(What to do) Transcribe the data verbatim and drop its images.

(Provided material)
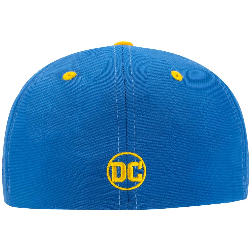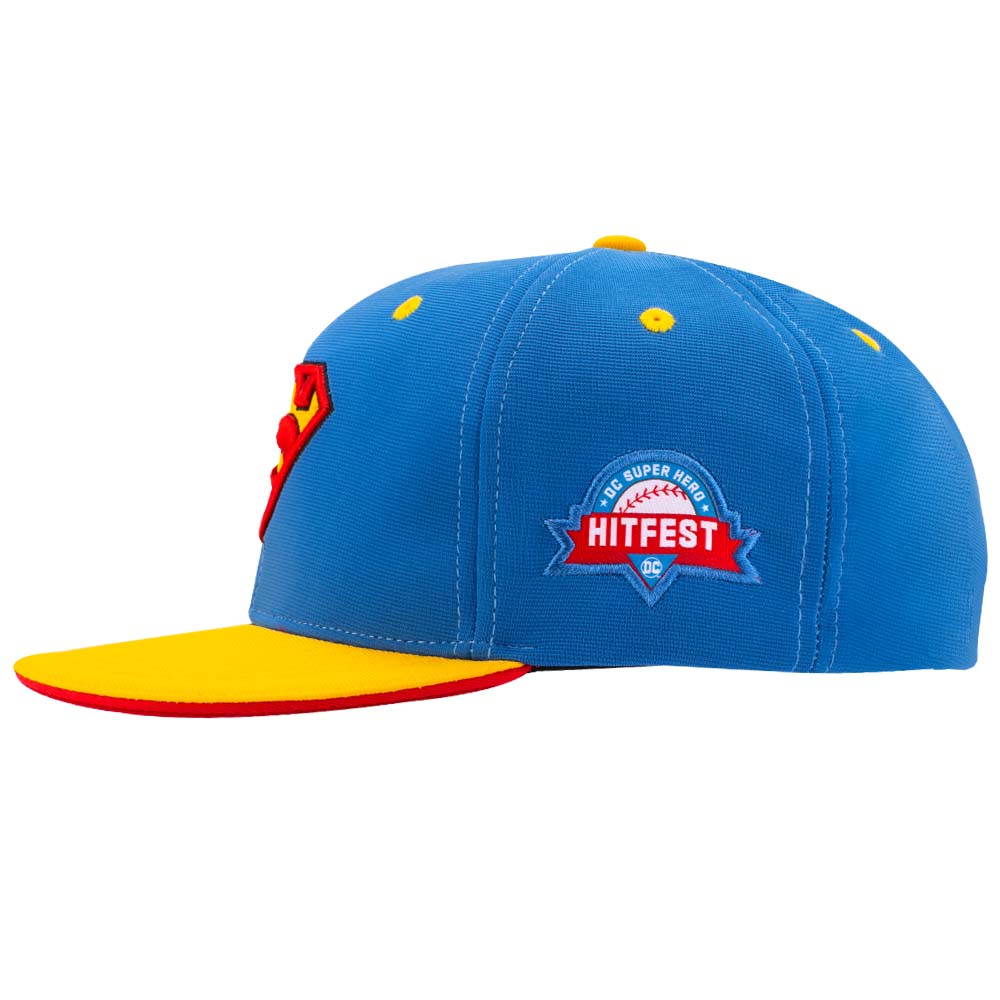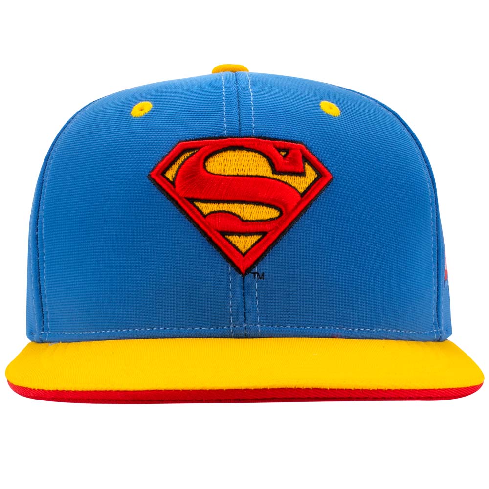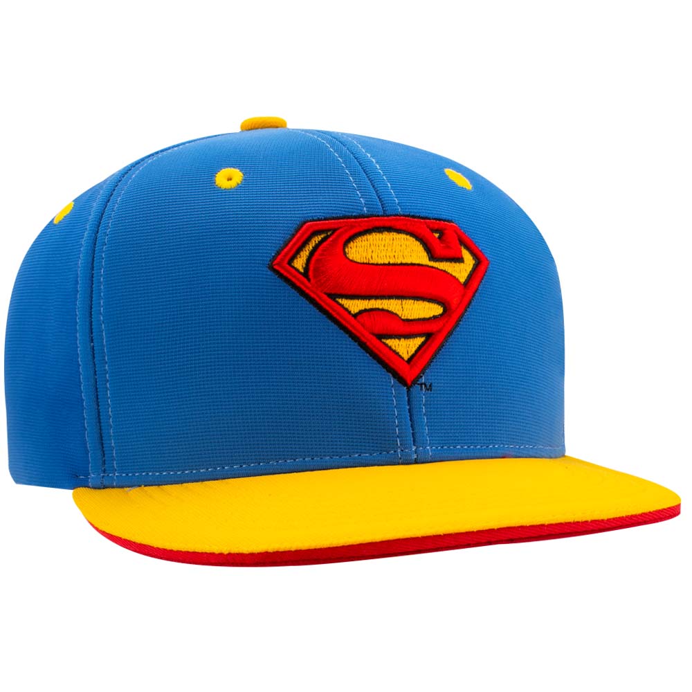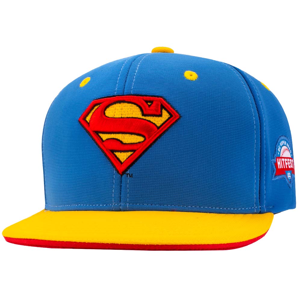 Stretch-Fit cap with flat visor and blue crown / yellow visor. Raised front embroidered Superman logo. Stretch Fit fits most head sizes. Available in Adult size.
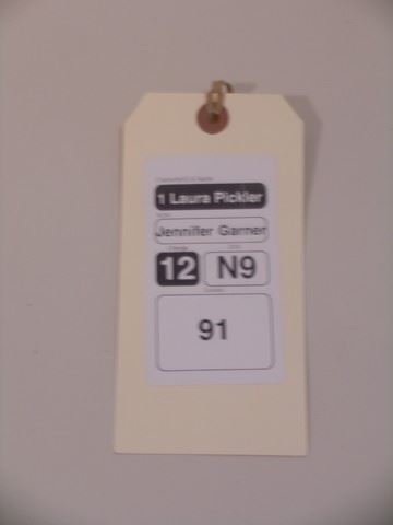 Butter (2011) - Laura (Jennifer Garner) screen worn, hero, light blue with stripes 'Faconnable' shirt, (size 4) and light blue and purple floral print apron. Includes wardrobe tag!
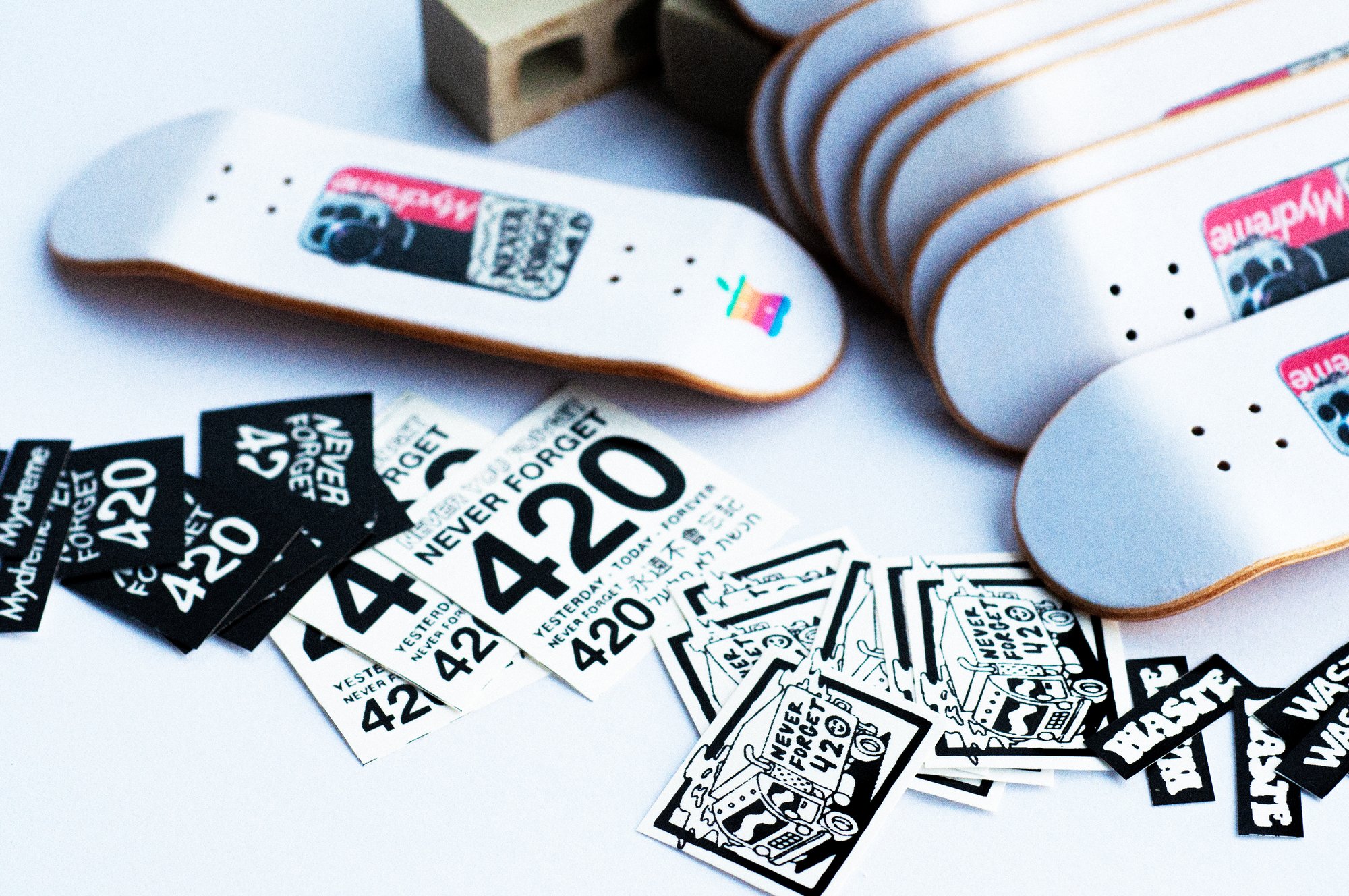 Including exclusive miniature screen printed NF420 vinyl stickers, mini Waste stickers, as well as one or more full size NF420 sticker(some eggshell some vinyl). Also a slice of the generic grip with the white backing.
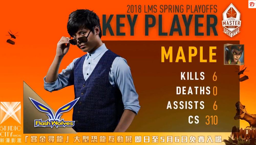 台港澳LMS賽區春季決賽今(22)日登場!由常規賽排名第一的閃電狼對上打贏冒泡賽的GRX。第一局,閃電狼Maple大殺四方加上SwordArt完美觀念,團隊會戰運營整體高出GRX一截,閃電狼率先拿下一場。

(Written answer)
 Stretch-Fit cap with flat visor and blue crown / yellow visor. Raised front embroidered Superman logo. Stretch Fit fits most head sizes. Available in Adult size.
 Butter (2011) - Laura (Jennifer Garner) screen worn, hero, light blue with stripes 'Faconnable' shirt, (size 4) and light blue and purple floral print apron. Includes wardrobe tag!
 Including exclusive miniature screen printed NF420 vinyl stickers, mini Waste stickers, as well as one or more full size NF420 sticker(some eggshell some vinyl). Also a slice of the generic grip with the white backing.
 台港澳LMS賽區春季決賽今(22)日登場!由常規賽排名第一的閃電狼對上打贏冒泡賽的GRX。第一局,閃電狼Maple大殺四方加上SwordArt完美觀念,團隊會戰運營整體高出GRX一截,閃電狼率先拿下一場。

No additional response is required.